§ WHAT NEEDS TO BE DONE:
Please transcribe only the lines that run from the line bearing "Leve uma uma" to the end of the entries, keeping both end lines. Skip the pictures.

§ RECORDS FOR PROCESSING:
- Opening Delimiter -
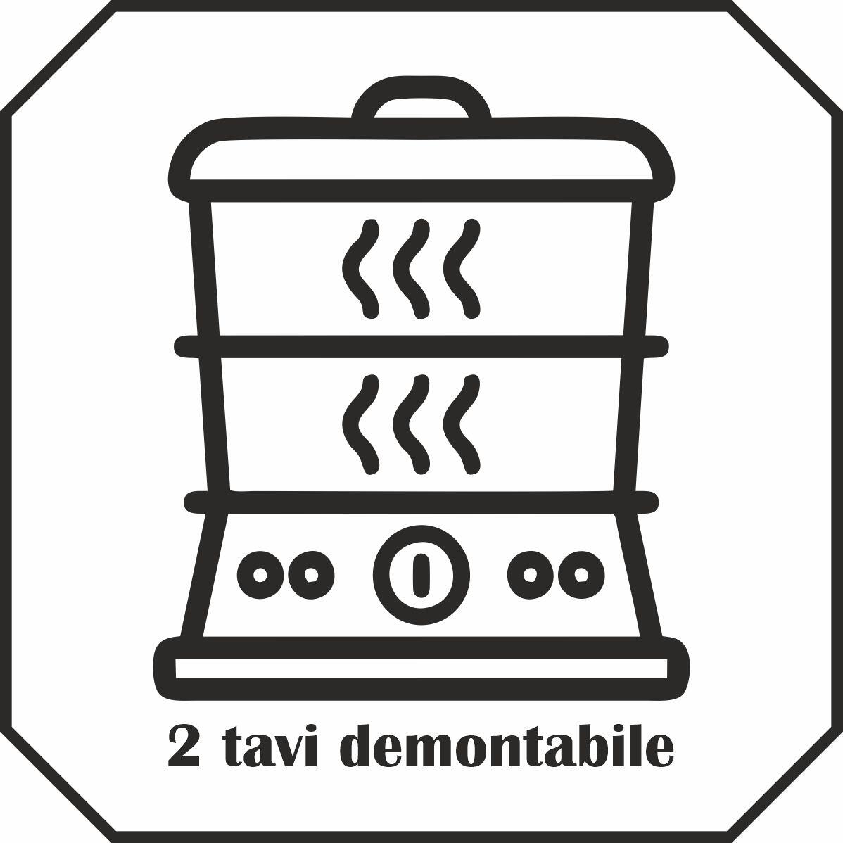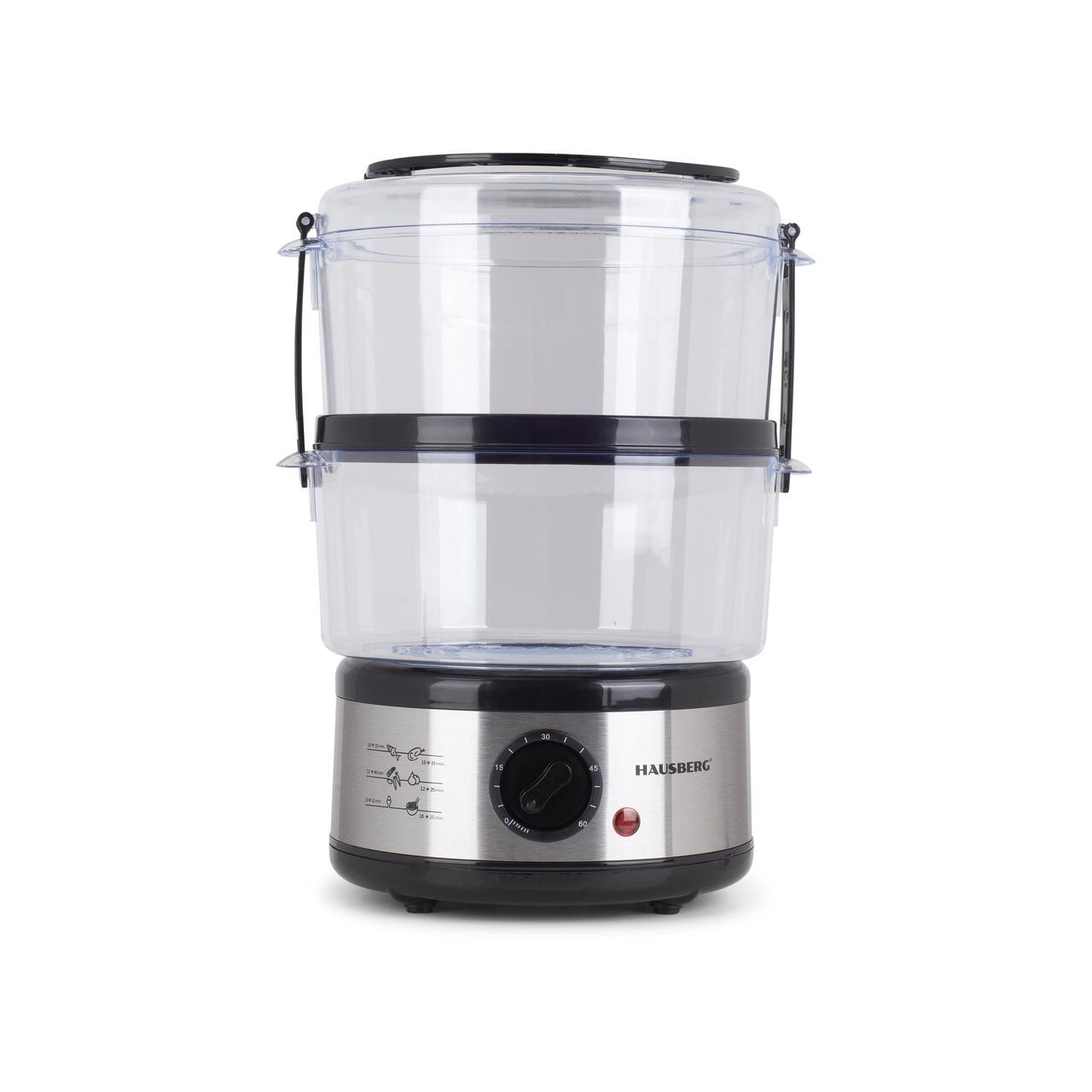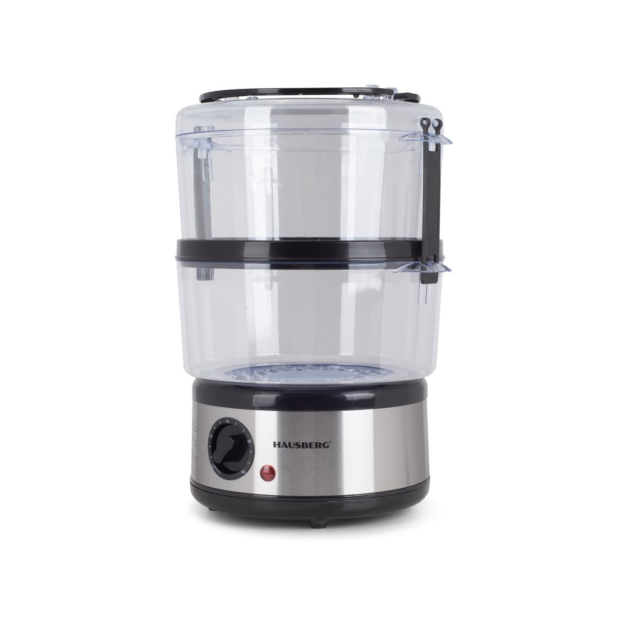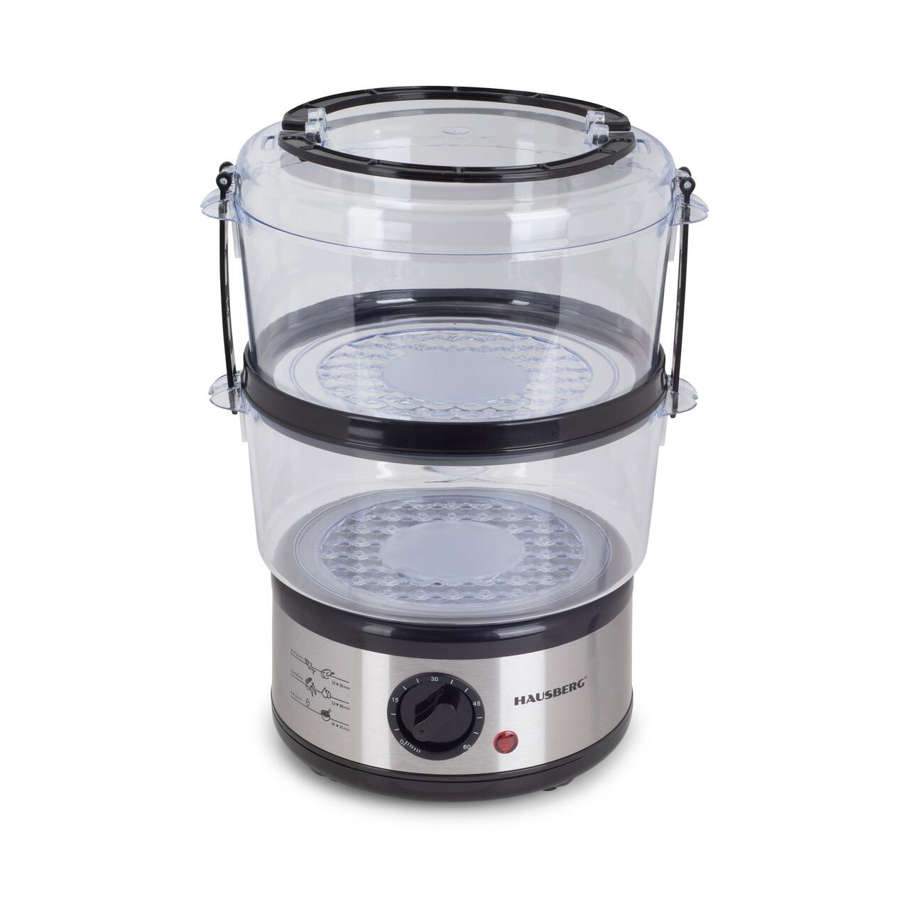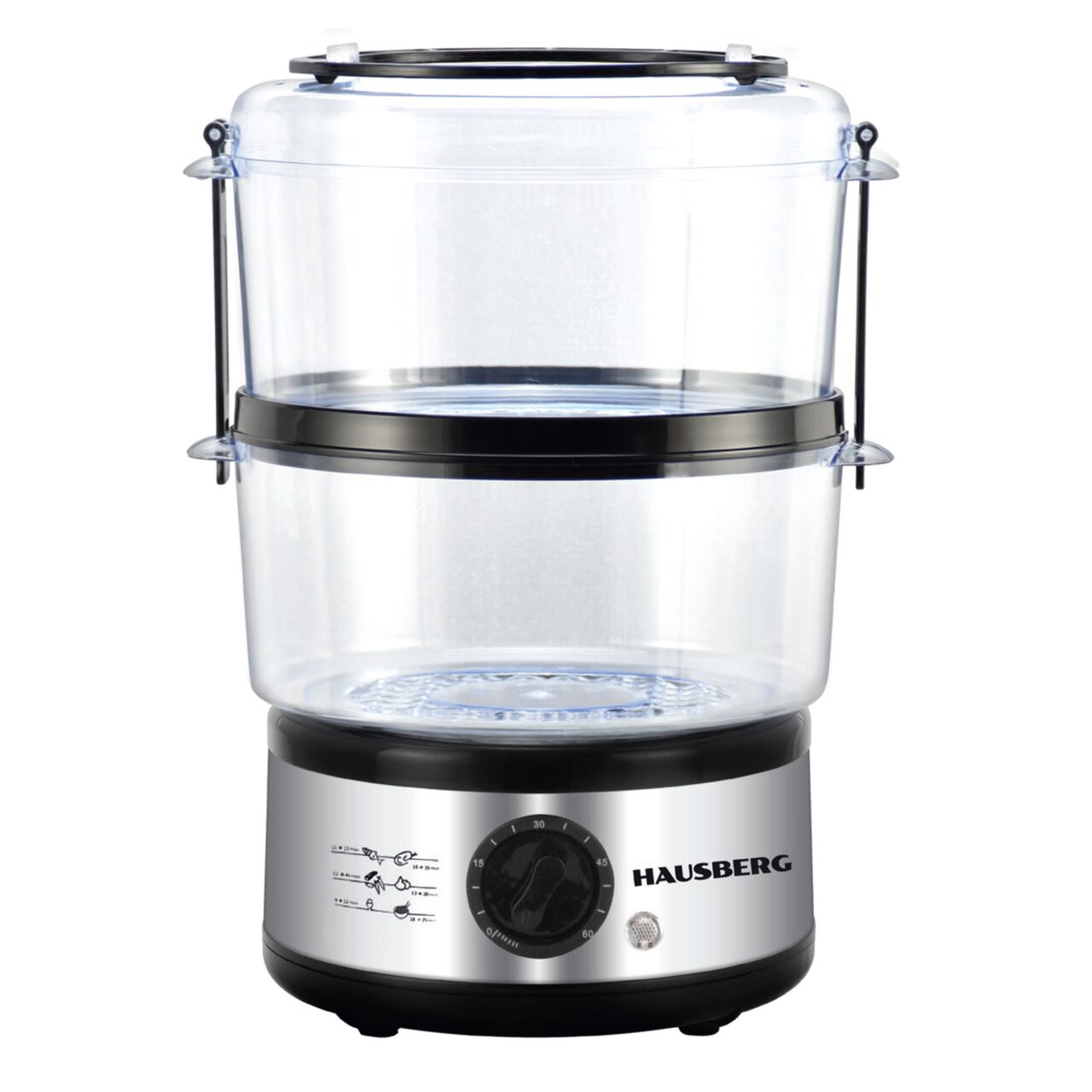 Aparat de gătit cu aburi Hausberg HB-1350, 2 nivele, 4.8L, 400W, Timer 60 min, Inox/Plastic
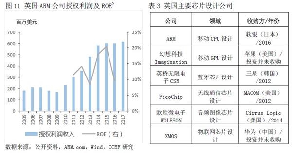 以英国ARM企业为例,在半导体领域与英特尔一起分别垄断了移动市场、PC服务器市场的终端芯片的设计供应,当前全球超过99%的智能手机均采用ARM架构处理器,其中苹果、三星、华为也都使用了其架构,技术垄断优势支撑起ARM约20%的ROE水平。事实上,英国在该行业的各种芯片子领域均具全球优势地位,幻想科技Imagination、英桥无限电子CSR、PicoChip、欧胜微电子WOLFSON、XMOS均是优秀公司的代表。
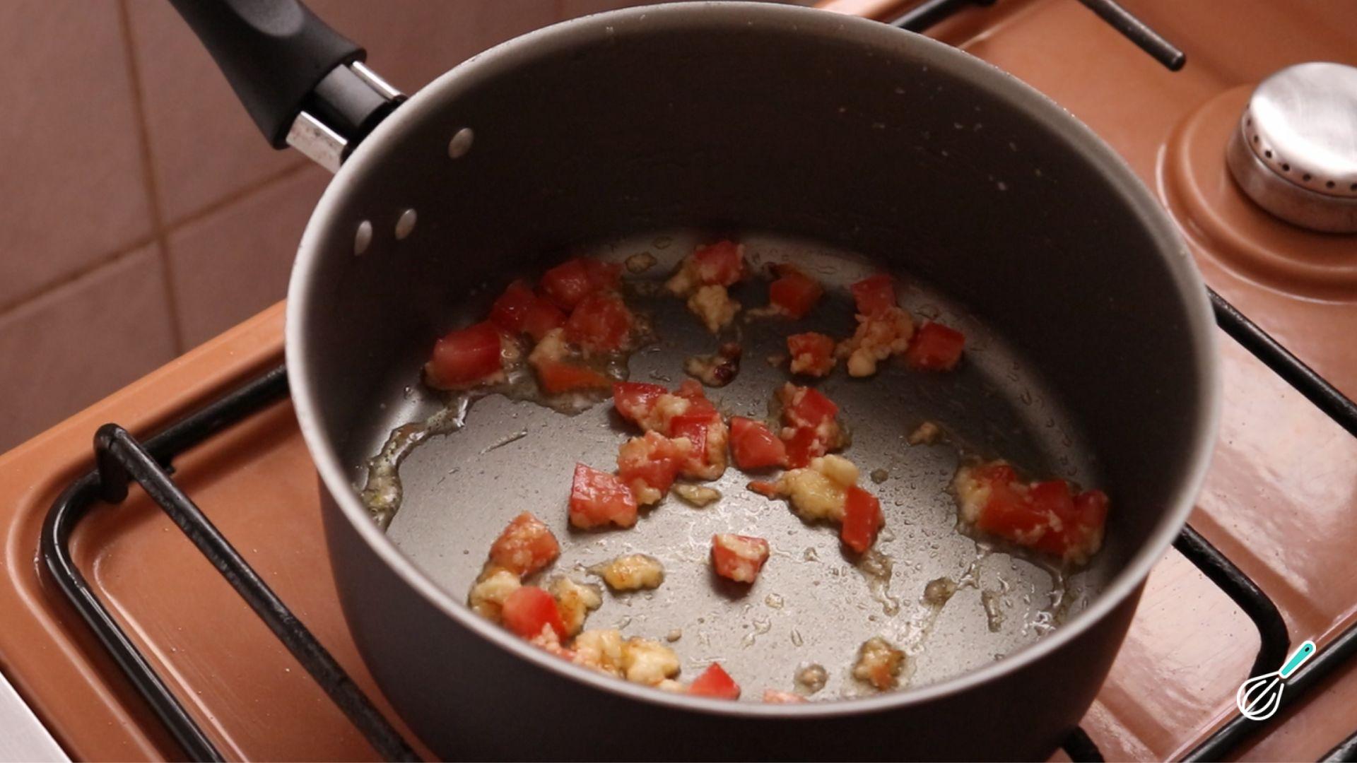 Leve uma uma panela ao fogo médio e doure o alho e a cebola no azeite. Junte o tomate e misture bem.
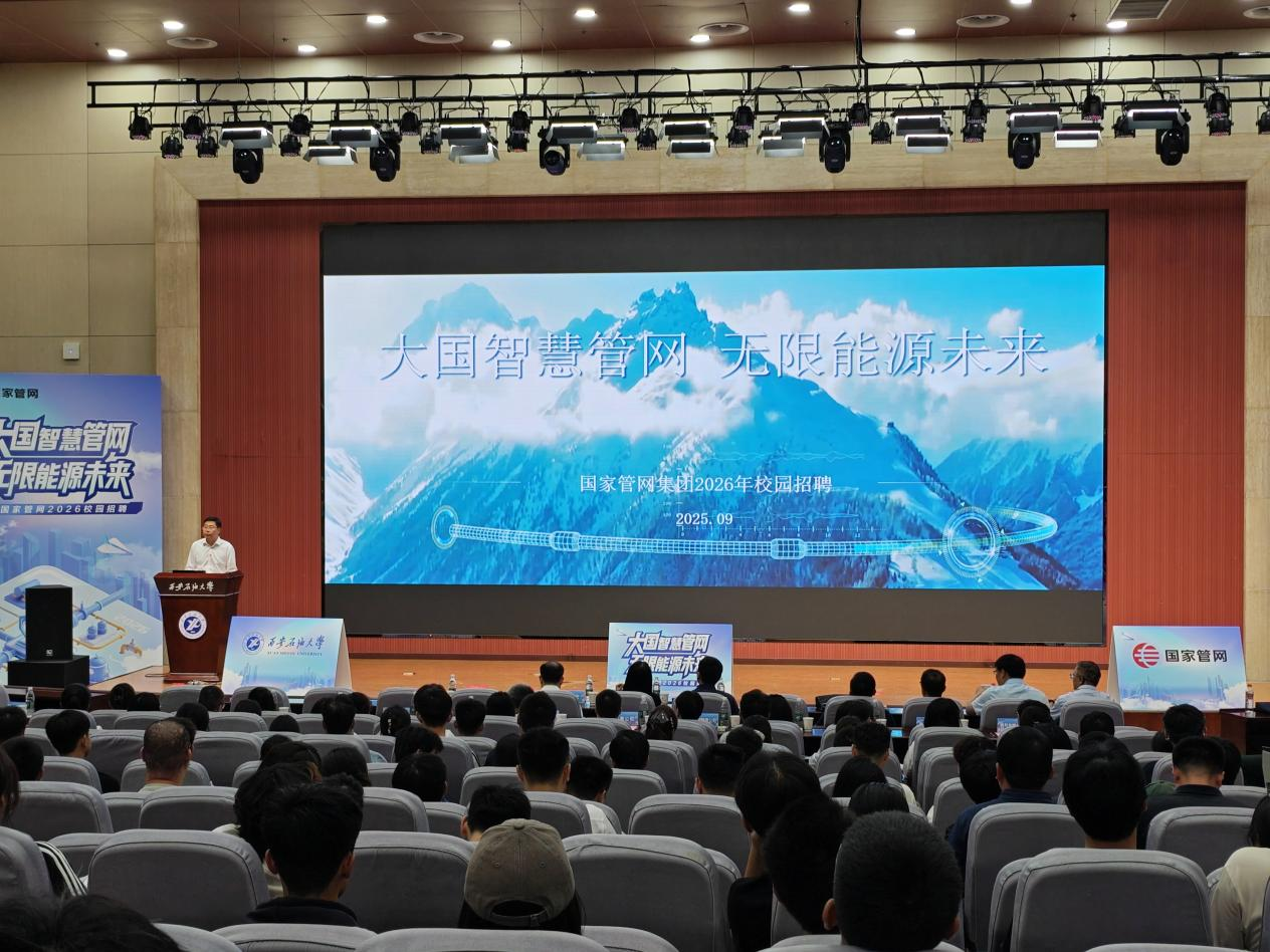 9月16日下午,國家石油天然氣管網(wǎng)集團有限公司2026屆畢業(yè)生校園招聘宣講會在我校鄠邑校區(qū)弘石報告廳隆重舉辦。國家管網(wǎng)集團相關(guān)代表,我校黨委委員、副校長種宇宏出席會議,各院(系)學生工作主要負責人,全體2026屆畢業(yè)班輔導員,畢業(yè)生代表400余人參加宣講活動。會議由學生工作部(處)部(處)長、就業(yè)創(chuàng)業(yè)指導中心主任王亮主持。
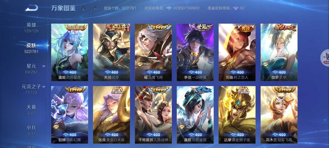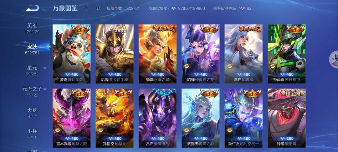 装备描述:522皮肤国服1.5W司马懿❤️巅峰魔方打野47段❤️6典藏5无双皮❤️猴子无相无双昭君FMVP❤️蛇年限定皮❤️
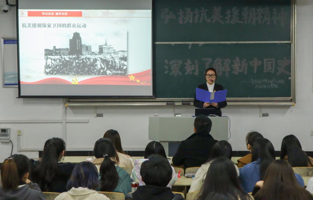 此次宣讲内容采取线下宣讲和线上直播相结合。第一部分“牢记历史 缅怀先烈”从抗美援朝的背景讲起,回顾了中国人民志愿军和英雄先烈们的光辉事迹。第二部分“打得一拳开 免得百拳来”讲述了抗美援朝“长津湖战役”“马良山战役”“上甘岭战役”三大战役及其历史意义。第三部分“英雄莫敢忘 我辈当自强”宣传抗美援朝伟大精神,并结合新冠疫情中举国上下同心抗“疫”的事例指出“时代在变换,但时代英雄永不变”,以此提出对新时代青年们的要求。宣讲过程中还进行了有奖问答活动,同学们纷纷举手抢答。
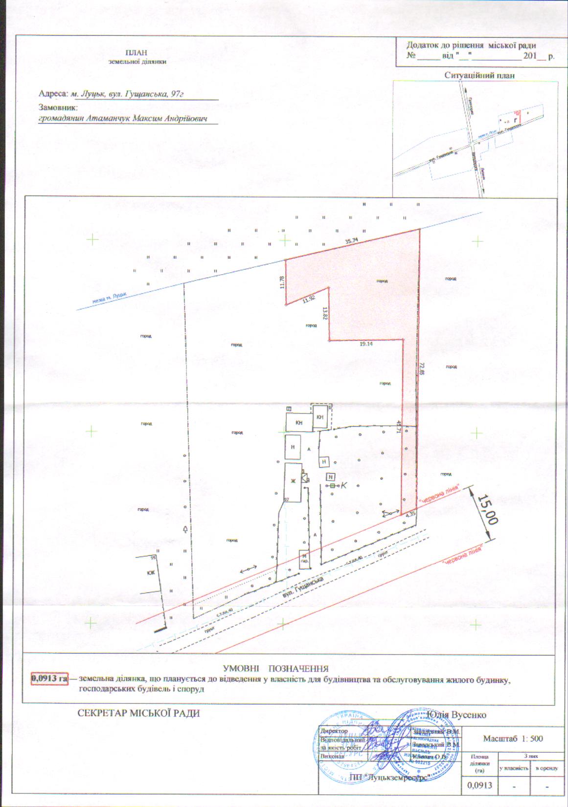 1. Надати громадянину Атаманчуку Максиму Андрійовичу дозвіл на розроблення проекту землеустрою щодо відведення земельної ділянки у власність для будівництва та обслуговування жилого будинку, господарських будівель і споруд на вул. Гущанській, площею 0,0913 га, згідно з додатком. Проект землеустрою щодо відведення земельної ділянки подати для розгляду та затвердження у встановленому порядку.
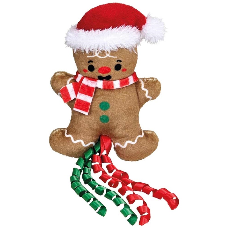 Vánoční hračka pro kočky má podobu perníkového panáčka s vánoční čepičkou a šálou. Perníček je vyrobený z hebkého plyše doplněného barevnými stužkami a obsahuje catnip (šantu kočičí), jejíž vůně povzbuzuje ke hře až 70 % koček.
- Closing Delimiter -
§ RESULT:
 Leve uma uma panela ao fogo médio e doure o alho e a cebola no azeite. Junte o tomate e misture bem.
 9月16日下午,國家石油天然氣管網(wǎng)集團有限公司2026屆畢業(yè)生校園招聘宣講會在我校鄠邑校區(qū)弘石報告廳隆重舉辦。國家管網(wǎng)集團相關(guān)代表,我校黨委委員、副校長種宇宏出席會議,各院(系)學生工作主要負責人,全體2026屆畢業(yè)班輔導員,畢業(yè)生代表400余人參加宣講活動。會議由學生工作部(處)部(處)長、就業(yè)創(chuàng)業(yè)指導中心主任王亮主持。
 装备描述:522皮肤国服1.5W司马懿❤️巅峰魔方打野47段❤️6典藏5无双皮❤️猴子无相无双昭君FMVP❤️蛇年限定皮❤️
 此次宣讲内容采取线下宣讲和线上直播相结合。第一部分“牢记历史 缅怀先烈”从抗美援朝的背景讲起,回顾了中国人民志愿军和英雄先烈们的光辉事迹。第二部分“打得一拳开 免得百拳来”讲述了抗美援朝“长津湖战役”“马良山战役”“上甘岭战役”三大战役及其历史意义。第三部分“英雄莫敢忘 我辈当自强”宣传抗美援朝伟大精神,并结合新冠疫情中举国上下同心抗“疫”的事例指出“时代在变换,但时代英雄永不变”,以此提出对新时代青年们的要求。宣讲过程中还进行了有奖问答活动,同学们纷纷举手抢答。
 1. Надати громадянину Атаманчуку Максиму Андрійовичу дозвіл на розроблення проекту землеустрою щодо відведення земельної ділянки у власність для будівництва та обслуговування жилого будинку, господарських будівель і споруд на вул. Гущанській, площею 0,0913 га, згідно з додатком. Проект землеустрою щодо відведення земельної ділянки подати для розгляду та затвердження у встановленому порядку.
 Vánoční hračka pro kočky má podobu perníkového panáčka s vánoční čepičkou a šálou. Perníček je vyrobený z hebkého plyše doplněného barevnými stužkami a obsahuje catnip (šantu kočičí), jejíž vůně povzbuzuje ke hře až 70 % koček.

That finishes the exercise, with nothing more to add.